## Given entries

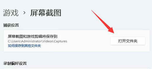 截屏是大家操作电脑时常用的一项操作,但是有的win11用户截完屏之后不知道要去哪里找图片,那么win11截屏的图片保存在哪里呢?如果大家用的是系统自带的截屏工具,就可以打开游戏设置面板,点击屏幕截图,然后在捕获位置右下方可以看到“打开文件夹”的按钮,通过这里就能打开截屏图片保存位置了。
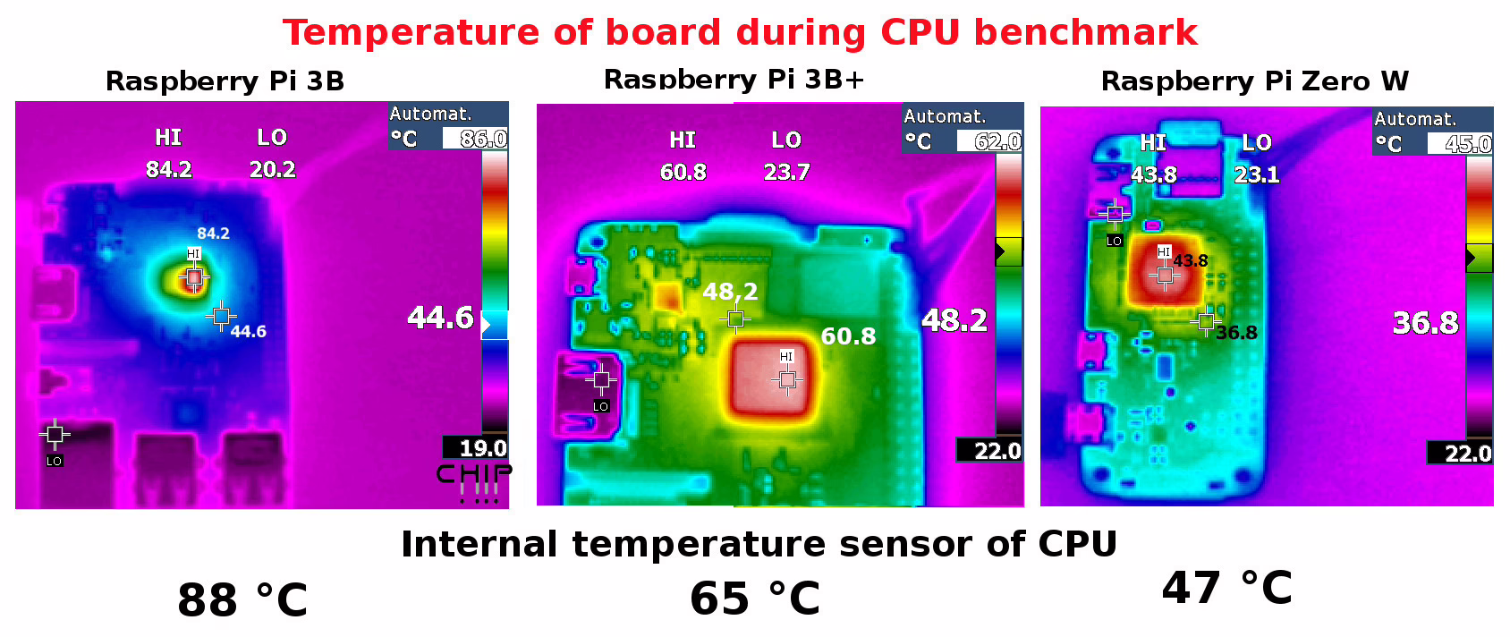 Jak můžete vidět na obrázku, odvod tepla od CPU u nového Raspberry Pi 3B Plus je mnohem lepší.
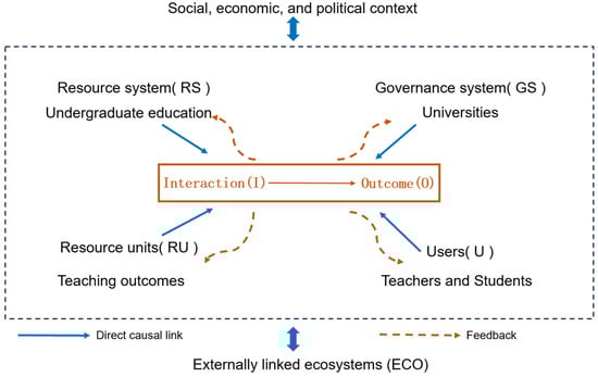 According to the current situation of higher education in China, which draws together Ostrom’s social-ecological system framework, the basic structure for the IPEIEE social-ecological system is deconstructed as four core subsystems of “Resource system”, “Resource units”, “Users”, and “Governance system”, as shown in Figure 1. The research framework demonstrates the core subsystems, system contexts, linked systems, and interactive relationship among these three types of variables in the social-ecological system of the IPEIEE by simple and integrated forms [69]. The system contexts include society, economy, and policy context, which provide a favorable environment for IPEIEE activities, while teachers and students participate in the process as system users.
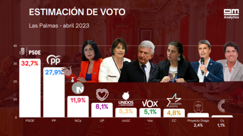El panel electoral ha sido elaborado con nuevas respuestas obtenidas entre el 6 de enero y el 4 de abril –ambos incluidos–, con una muestra de 1.283 respuestas –876 previas y 407 nuevas– entre población con derecho a voto de Las Palmas de Gran Canaria. El margen de error es de tres puntos y se ha realizado mediante entrevistas online con cuestionario inteligente y estructurado.
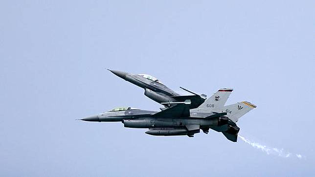 Aksi dua jet tempur F-16 Angkatan Udara Singapura melakukan manuver di udara jelang Singapore Airshow 2018, Jumat (2/2) . Singapore Airshow 2018 akan dihadiri delegasi pemerintah dan militer tingkat tinggi dari seluruh dunia. (AP Photo/Wong Maye-E)

## What to do
Only the lines from the start of the records to the line with "Jak můžete vidět" belong in the copy. Print them exactly, minus pictures.

## Written answer
 截屏是大家操作电脑时常用的一项操作,但是有的win11用户截完屏之后不知道要去哪里找图片,那么win11截屏的图片保存在哪里呢?如果大家用的是系统自带的截屏工具,就可以打开游戏设置面板,点击屏幕截图,然后在捕获位置右下方可以看到“打开文件夹”的按钮,通过这里就能打开截屏图片保存位置了。
 Jak můžete vidět na obrázku, odvod tepla od CPU u nového Raspberry Pi 3B Plus je mnohem lepší.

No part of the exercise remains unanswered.